Additionally, Edbauer’s framework characterizes place as “a space of contacts, which are always changing and never discrete” (10). The social field is both networked and connected, and various discourses cannot be separated from the contexts in which they move. This notion strikes me as similar to Debra Hawhee’s discussion of invention-in-the-middle, wherein “rhetoric is a performance, a discursive-material-bodily-temporal encounter, a force among forces” (24). Hawhee situations invention not as a beginning, but a middle or in-between; likewise, an ecological framework for rhetoric attends to the movement and circulation of various discourses and multiple exigencies. A clear beginning or end is not the goal—it’s a “mixture of processes and encounters” (Edbauer 13). While I am unsure if Edbauer would position rhetorical ecologies as sites of invention, I do think that re-envisioning rhetoric as in-motion and in-between is particularly useful for feminist rhetorical activity. It might help us to better enact Sonja K. Foss and Cindy L. Griffin’s invitational rhetoric, in which rhetoric turns away from persuasion in order to achieve mutual understanding. If, as Edbauer explains, rhetoric “emerges already infected by viral intensities that are circulating in the social field” (14), perspective offering might help us to better understand what is virally circulating and how that might shape the discourses of others from various subject positions.

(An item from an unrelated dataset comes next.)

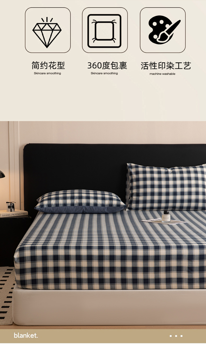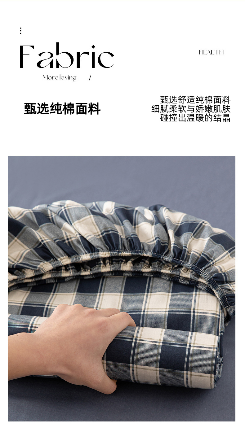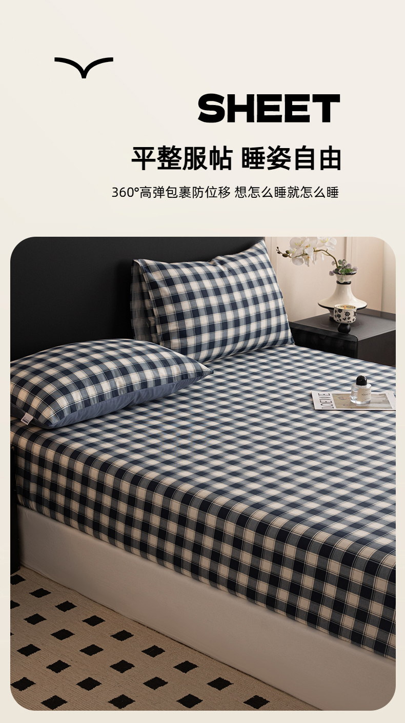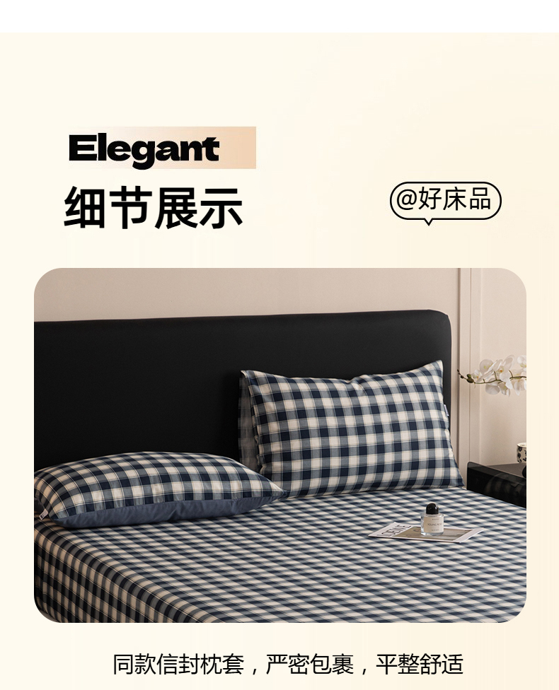 商品名称:女子家纺 2026新款40支13070全棉简约格子系列A版床笠 藏青学院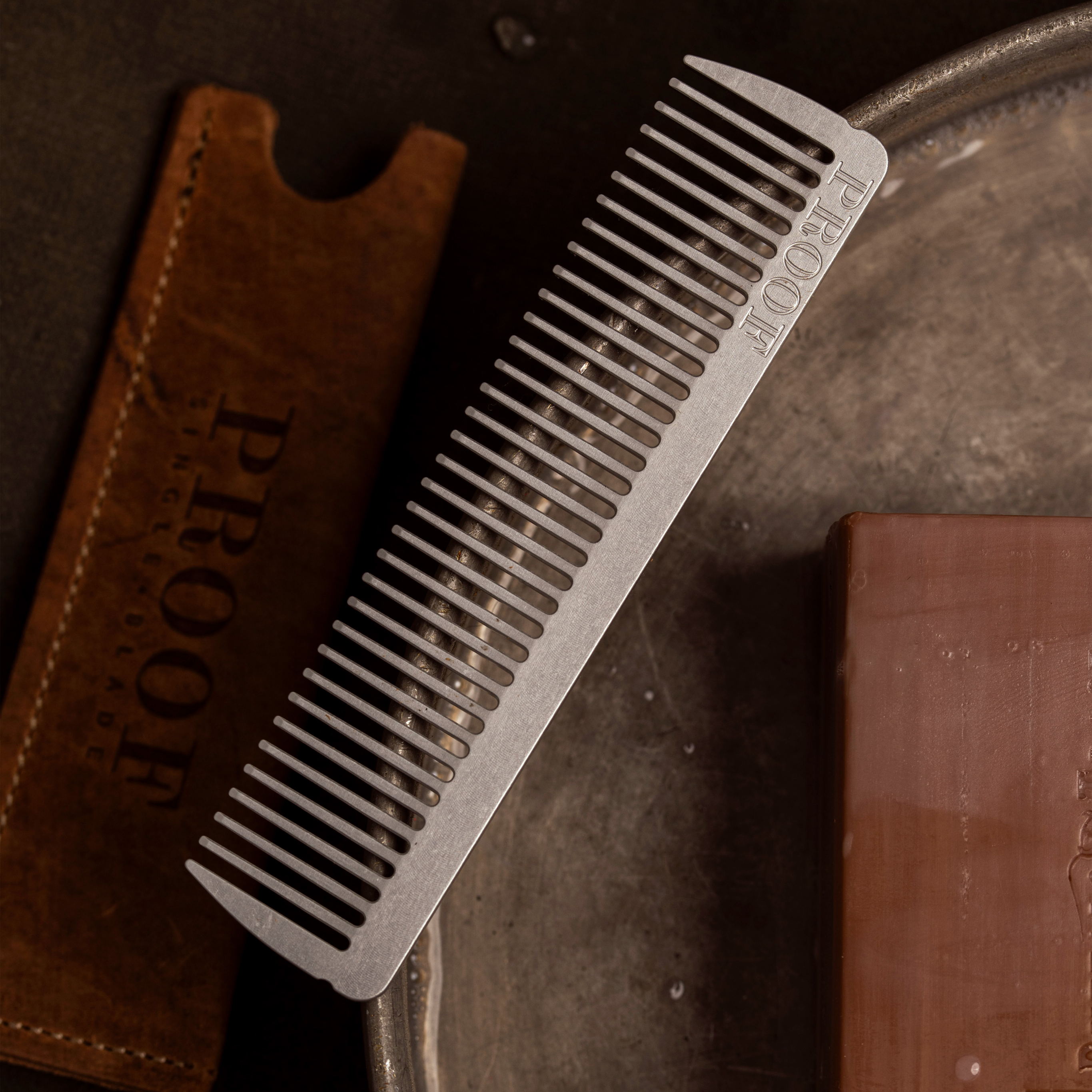 Most combs are stamped from plastic and tossed after a year or two. This comb is built to last. The Proof Comb is CNC-machined from a solid billet of 6061 aluminum, giving it a weighty, durable feel you won’t find in stamped plastic or cheap metal.

Furthermore, by creating spaces to foster participation within feminist rhetorical ecologies, even at the local level, we might take up Hart-Davidson et al.’s call to develop a “participatory tradition with/in the network: a tradition where citizens do not merely browse, but invent, discuss, and negotiate” (138). Therefore, we might begin to theorize rhetorical ecologies as sites of invention, discussion, and negotiation wherein participant-rhetors can make and remake themselves through offering perspectives and listening to the perspectives of others.

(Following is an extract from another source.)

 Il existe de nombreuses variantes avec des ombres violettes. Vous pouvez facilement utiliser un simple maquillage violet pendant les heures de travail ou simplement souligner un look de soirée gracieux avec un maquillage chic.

Though there are certainly other alternatives, rhetorical ecologies might offer one avenue for considering the ways in which multiple, diverse discourses might collectively participate within a networked ecology of feminist activity. We could better theorize the ways in which these various discourses intersect, circulate, and transform. Moreover, it is possible that by tracing and archiving feminist rhetorical activity in Tallahassee, we might demonstrate how well defined social change could arise, even out of disorganized and dispersed efforts.

Works Cited
Campbell, Karlyn Kohrs. “‘The Rhetoric of Women’s Liberation: An Oxymoron’ Revisited.” Communication Studies 50.2 (Summer 1999): 138-142.

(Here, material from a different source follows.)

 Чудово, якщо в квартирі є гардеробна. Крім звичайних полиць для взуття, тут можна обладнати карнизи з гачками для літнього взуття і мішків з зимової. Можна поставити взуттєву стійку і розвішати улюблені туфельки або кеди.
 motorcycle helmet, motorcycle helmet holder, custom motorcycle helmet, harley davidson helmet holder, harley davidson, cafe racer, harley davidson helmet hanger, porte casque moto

Edbauer, Jenny. “Unframing Models of Public Distribution: From Rhetorical Situation to Rhetorical Ecologies.” Rhetoric Society Quarterly 35.4 (Fall 2005): 5-24.
Foss, Sonja K., and Cindy L. Griffin. “Beyond Persuasion: A Proposal for Invitational Rhetoric.” Communication Monographs 62.1 (Mar. 1995): 2-18.
Hart-Davidson, William, James P. Zappen, and S. Michael Halloran. “On the Formation of Democratic Citizens: Rethinking the Rhetorical Tradition in a Digital Age.” The Viability of the Rhetorical Tradition, eds. Graff, Walzer, Atwill, Albany: SUNY, 2005. 125-140.
Hawhee, Debra. “Kairotic Encounters.” Perspectives on Rhetorical Invention, eds. Janet M. Atwill and Janice M. Lauer. Knoxville: University of Tennessee Press, 2003. 16-35.